THE STATE OF WASHINGTON, Respondent,
v.
JESTON BLEWITT, Appellant.
No. 11903-6-I.
The Court of Appeals of Washington, Division One.
April 23, 1984.Nancy Talner of Washington Appellate Defender Association, for appellant.
Norm Maleng, Prosecuting Attorney, and Katharine B. Wilcox, Deputy, for respondent.
WILLIAMS, J.
Following a trial to the court, sitting with a jury, Jeston Blewitt was found guilty of robbery in the first degree. He appeals; we affirm.
Blewitt and Ernest Schaef were convicted of robbing a Budget Rent-a-Car office. Two Budget employees, Russell Miller and James Holman, admitted their involvement in the crime and testified for the prosecution. Their testimony established that Blewitt, Schaef, Miller, and Holman staged *398 a robbery of Budget during Holman's shift.

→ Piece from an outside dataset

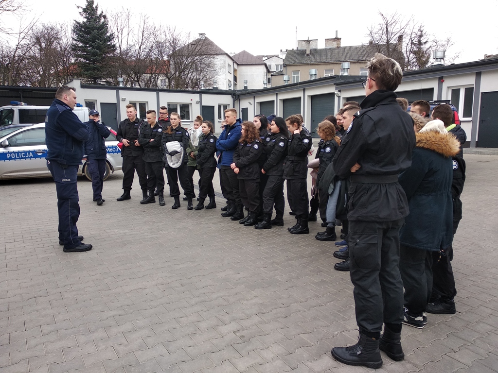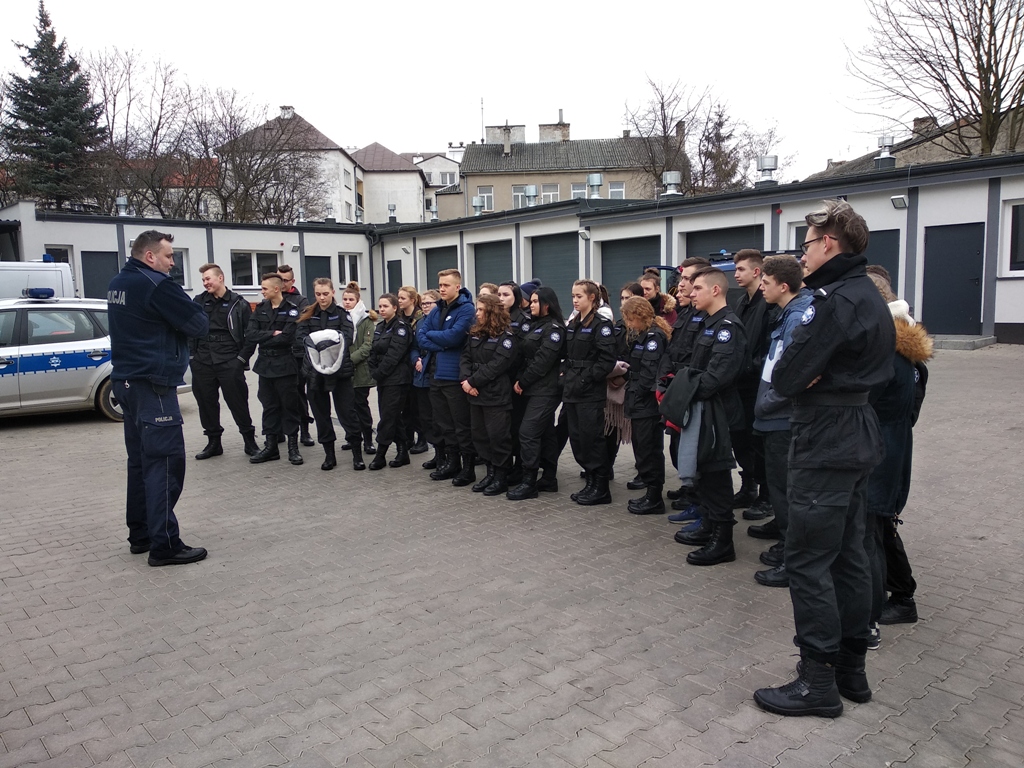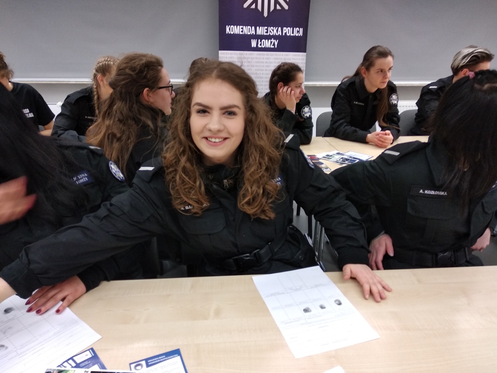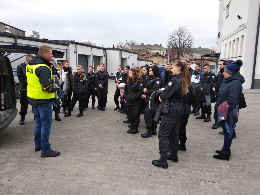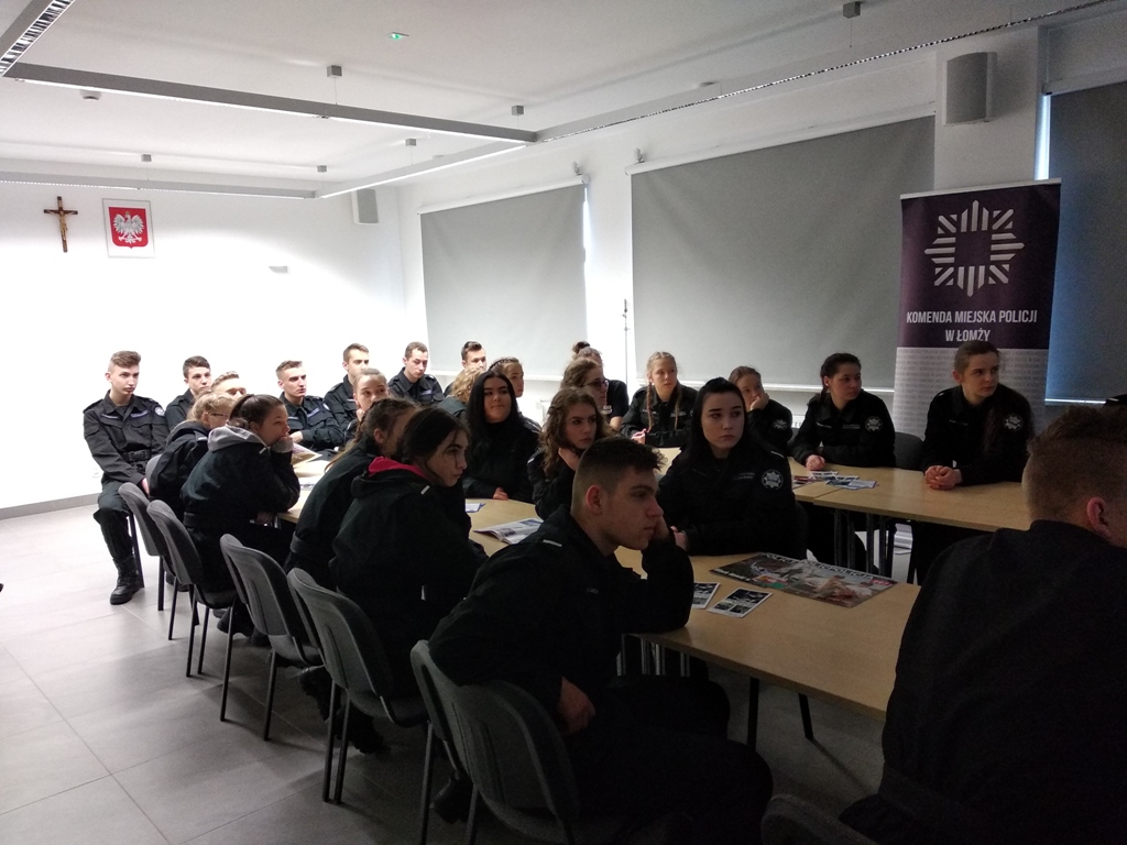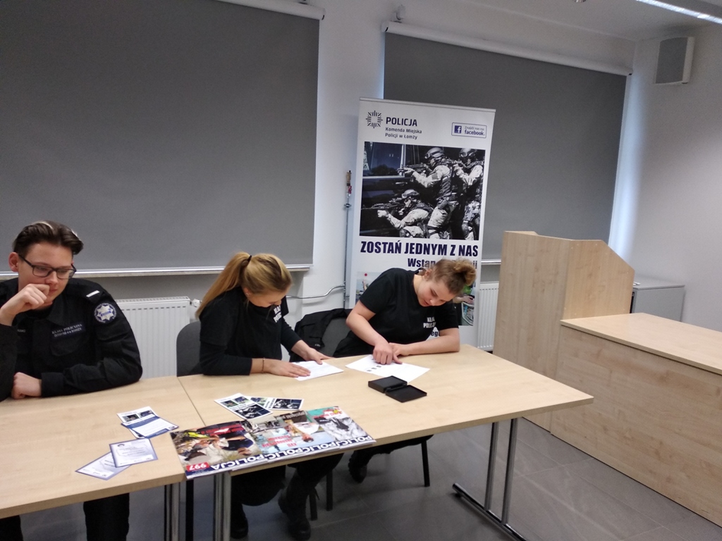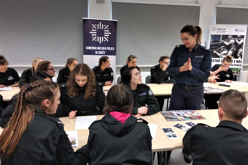 Uczniowie klas policyjnych 1AP i 2AP gościli 14 marca 2019 r. w murach Komendy Miejskiej Policji w Łomży. Funkcjonariusze opowiadali o swoim zawodzie i zachęcali do wstąpienia w szeregi policyjnej formacji. O codziennej pracy policjantów opowiadał między innymi technik kryminalistyki, przewodnik psa służbowego i dzielnicowa. Młodzież mogła obejrzeć wnętrze radiowozu wykorzystywanego do obsługi zdarzeń drogowych i porozmawiać o wykonywanej pracy z policjantami ruchu drogowego. Mundurowi chętnie dzielili się doświadczeniami z przebiegu swojej wieloletniej służby. Etapy rekrutacji oraz warunki jakie musi spełnić kandydat, aby zostać funkcjonariuszem Policji przedstawili natomiast specjaliści z Wydziału Prezydialnego Kadr i Szkolenia, a także policyjni profilaktycy.

The four men agreed to use a gun and tie Holman up for authenticity's sake.
On the night of the incident, two employees were on duty: Holman (the office clerk) and George Zeno (a shuttle bus driver). Zeno was dispatched on a false call when Schaef and Miller arrived to carry out their plan. Holman was tied up in a bathroom. When Zeno returned, the crime then being in progress, he was bound and placed in a different bathroom. Blewitt, Miller, and Schaef emptied the cash register, loaded Budget's safe into a van taken from the customer parking lot, and escaped.
Holman was in charge of the money and the office. Zeno's duties included driving the shuttle bus, parking cars, cleaning the restrooms, and occasionally collecting parking fees which he turned over to Holman.
The principal question is whether the trial court erred in giving the following instruction:
A taking from the presence of another can occur in the presence of a person, even though that person was not immediately present, where that person, by force or fear, had been removed from or prevented from approaching the place from which the taking occurred.
Instruction 10A.
[1] Blewitt contends that this instruction unduly emphasized the prosecution's theory of the case and was, thus, an improper comment on the evidence. "An instruction that states the law correctly and concisely and is pertinent to the issues raised in the case does not constitute a comment on the evidence." State v. Johnson, 29 Wn. App. 807, 811, 631 P.2d 413, review denied, 96 Wn.2d 1009 (1981).
Instruction 10A was taken from State v. McDonald, 74 Wn.2d 141, 443 P.2d 651 (1968), wherein the court stated:
the authorities are in accord that it can be a taking from a person or in his presence even though the victim was not immediately present where the victim, by force or fear, had been removed from or prevented from *399 approaching the place from which the asportation of the personalty occurred.
McDonald, at 144. Instruction 10A was not repetitive or unnecessary. It was an accurate statement of the law. There was no error.
Blewitt next argues that, for the crime of robbery to be committed, "property must be taken from the person of the owner, or from his immediate presence, or from some person, or from the immediate presence of some person, having control and dominion over it." State v. Hall, 54 Wash. 142, 143-44, 102 P. 888 (1909); see RCW 9A.56.190. Because Zeno was never shown to have control or dominion over the property stolen from Budget, Blewitt contends, the evidence was insufficient to support his conviction.
[2] Whether a person had constructive possession of property, and thus dominion and control over it, is determined by viewing "the totality of the situation." State v. Partin, 88 Wn.2d 899, 906, 567 P.2d 1136 (1977). Zeno was proved to be an employee of the owner of the stolen property. As such, he had the implied responsibility of exercising control over the employer's property as against all others. The evidence presented was sufficient to support the conviction. State v. Green, 94 Wn.2d 216, 616 P.2d 628 (1980).
Affirmed.
CALLOW and RINGOLD, JJ., concur.
Review denied by Supreme Court February 1, 1985.